We edit and exaggerate, crave adulation
We pretend not to notice the social isolation
We put our words into order till our lives are glistening
We don’t even know if anyone is listening

Being alone isn’t the problem let me just emphasise
If you read a book, paint a picture, or do some exercise
You’re being productive and present not reserved and reclused
You’re being awake and attentive and putting your time to good use

So when you’re in public and you start to feel alone
Put your hands behind your head, step away from the phone
You don’t need to stare at your menu or at your contact list
Just talk to one another, learn to co-exist

I can’t stand to hear the silence of a busy commuter train
When no one wants to talk for the fear of looking insane
We’re becoming unsocial, it no longer satisfies
To engage with one another and look into someone’s eyes.

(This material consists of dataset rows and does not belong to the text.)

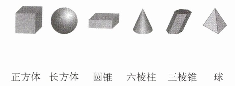 正方体 长方体 圆锥 六棱柱 三棱锥 球
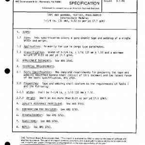 This specification covers a para-aramid tape and webbing of a single width and weight.
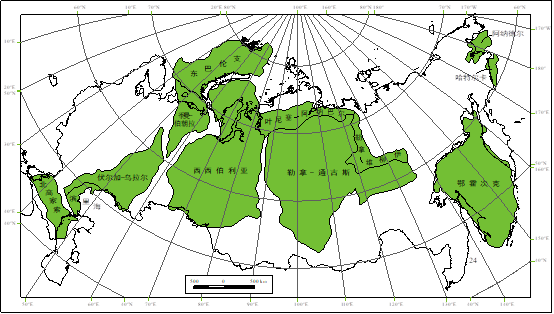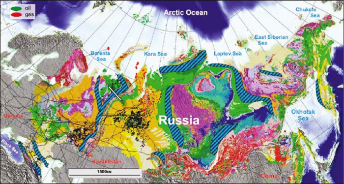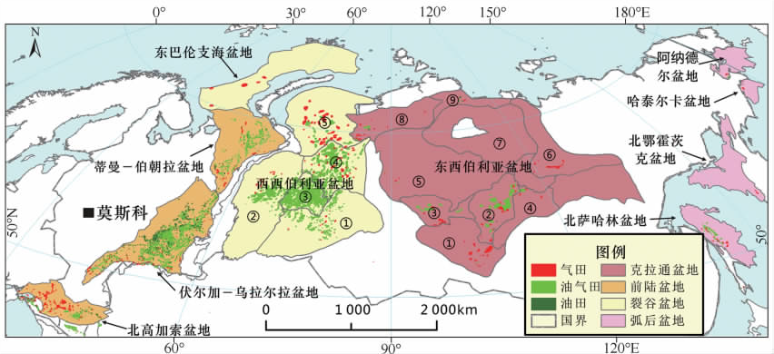 俄羅斯主要含油氣盆地及油氣田分(fèn)布圖
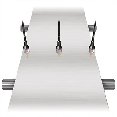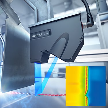 소재에 제한이 없는 ABLE 기능이 탑재된 레이저 변위 센서라면 열로 빨갛게 달궈진 금속이라도 폭과 형상을 측정할 수 있습니다. 설치 거리도 최대 1 m까지 떨어뜨릴 수 있습니다.
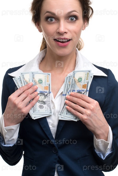 Бизнес-леди держит деньги
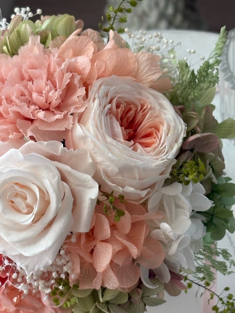 ●バラ1輪、スプレーバラ2輪、オールドローズ1輪、カーネーション1輪、紫陽花4種類、かすみ草、カスピア、ペティコートほか。(すべてプリザーブドフラワー)サテンリボン。
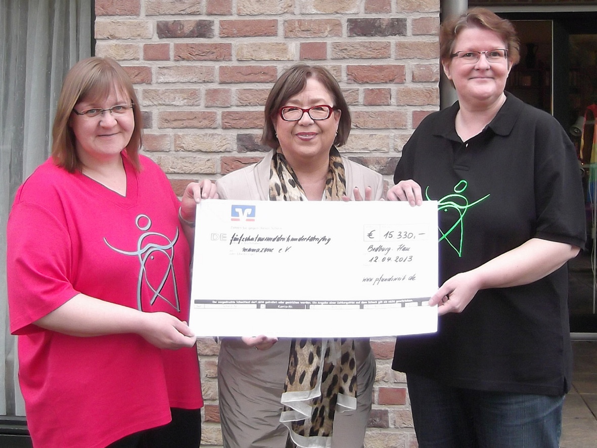 Augsburg, 15.04.13: Im Internetportal <link http: www.pfundsweib.de _blank external-link-new-window zur>www.pfundsweib.de tauschen sich seit knapp 13 Jahren übergewichtige Frauen über den Kampf mit den Kilos aus. Sie unterstützen sich, geben sich Tipps und halten zueinander. Die aktive Gemeinschaft von 1400 Frauen sammelt jährlich in der Weihnachtszeit Geld für einen guten Zweck und beschließt vorher in einer anonymen Abstimmung, wer der Spendenempfänger werden soll. Dieses Mal fiel die Wahl auf die bundesweit aktive Patientinnen-Initiative mamazone – Frauen und Forschung gegen Brustkrebs e.V. Der Verein mit Sitz in Augsburg freut sich über die äußerst großzügige Summe von 15.330 Euro, die nun der Unterstützung von betroffenen Frauen und Projekten zur Aufklärung und Sensibilisierung der Öffentlichkeit zugute kommen.
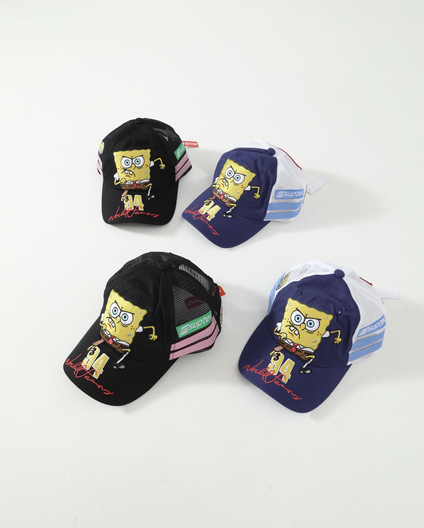 NIGO Supreme x SPONGEBOB SQUAREPANTS Men's And Women's Spring/Summer Spongebob Squarepants Co-branded Letter Embroidered Cartoon Hip Hop Duckbill Baseball Cap #nigo78232

We’re surrounded by children who since they were born
Have watched us living like robots and think it’s the norm
It’s not very likely you’ll make world’s greatest Dad
If you can’t entertain a child without using an iPad

When I was a child I’d never be home
I’d be out with my friends, on our bikes we’d roam
I’d wear holes in my trainers and graze up my knees
Or build our own clubhouse high up in the trees

Now the park is so quiet it gives me a chill
See no children outside and the swings hanging still
There’s no skipping, no hopscotch, no church and no steeple
We’re a generation of idiots, smart phones and dumb people

So look up from your phone, shut down the display
Take in your surroundings, make the most of today
Just one real connection is all it can take
To show you the difference that being there can make

Be there in the moment as she gives you the look
That you remember forever as when love overtook
The time she first held your hand or first kissed your lips
The time you first disagreed but still loved her to bits

The time you don’t have to tell hundreds of what you’ve just done
Because you want to share this moment with just this one.
The time you sell your computer so you can buy a ring
For the girl of your dreams who is now the real thing

The time you want to start a family and the moment when
You first hold your little girl and get to fall in love again
The time she keeps you up at nights and all you want is rest
And the time you wipe away the tears as your baby flees the nest

The time your baby girl returns with a boy for you to hold
And the time he calls you Grandad and makes you feel real old
The time you take in all you’ve made when you’re giving life attention
And how you’re real glad you didn’t waste it by looking down at some invention

The time you hold your wife’s hand, sit down beside her bed.
You tell her that you love her, lay a kiss upon her head.
She then whispers to you quietly as her heart gives a final beat
That she’s lucky she got stopped by that lost boy in the street

But none of these times ever happened. You never had any of this
When you’re too busy looking down, you don’t see the chances you miss

So look up from your phones, shut down those displays
We have a finite existence, a set number of days
Don’t waste your life getting caught in the net
because when the end comes, nothing’s worse than regret

I am guilty too of being part of this machine
this digital world we are heard but not seen
where we type as we talk and read as we chat
where we spend hours together without making eye-contact

So don’t give in to a life where you follow the hype
Give people your love, don’t give them your “like”
Disconnect from the need to be heard and defined
Go out into the world, leave distractions behind

Look up from your phone, shut down the display
Stop watching this video, live life the real way.